I have en excel file with expenses(the amount of money spent is in one column), and in next column I have short description that is mostly made of multiple words. I want to "simplify" the description and assign a single word or two to each description, which would be in another column next to it. The problem is that the description is not "unified", for example I can have strings like "business lunch","business dinner at restaurant XXX", "coffee with journalists" etc., and I would like to assign these description "food" label. There are also different categories that follow similar pattern.
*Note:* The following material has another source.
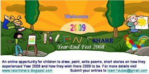 Act now and SHARE your child’s creative talent to the world around. Send their works with the following details to team1dubai@gmail.com before 30th December 2008:

My idea was to create another table(on different sheet) - in one column I have keywords like "coffee","lunch","dinner" and in column next to them I labels that I want to have assigned, which is "food". I used vlookup function with approximate match, but it returns me incorrect results. For some reason the order of words in list seem to affect the results, and even though there is partial match(exact in one word of the string) the vlookup ignores it and returns something else. For example I have "parking at hotel xxx" and in table I have "parking"-"travel expenses" pair, the vlookup returns "food" label.

Can you help me solve this problem? (is there different approach that you would suggest?)


Solution 1:

You want the FIND() and/or SEARCH() function.  Usage:

FIND(find_text, within_text)
                                                                returns the starting position of the first text string
                                                                within the second text string (starting at position 1)

So FIND("lunch", "lunch with customer") returns 1, and FIND("lunch", "business lunch") returns 10.  If the first string is not found in the second, this returns a #VALUE! error value.  SEARCH() is like FIND() except for the fact that FIND() is case-sensitive and SEARCH() is not.  So

FIND("lunch", "Lunch with customer") returns #VALUE!
but
SEARCH("lunch", "Lunch with customer") returns 1

I’ll assume that you’ll want to use SEARCH(), the case-insensitive one.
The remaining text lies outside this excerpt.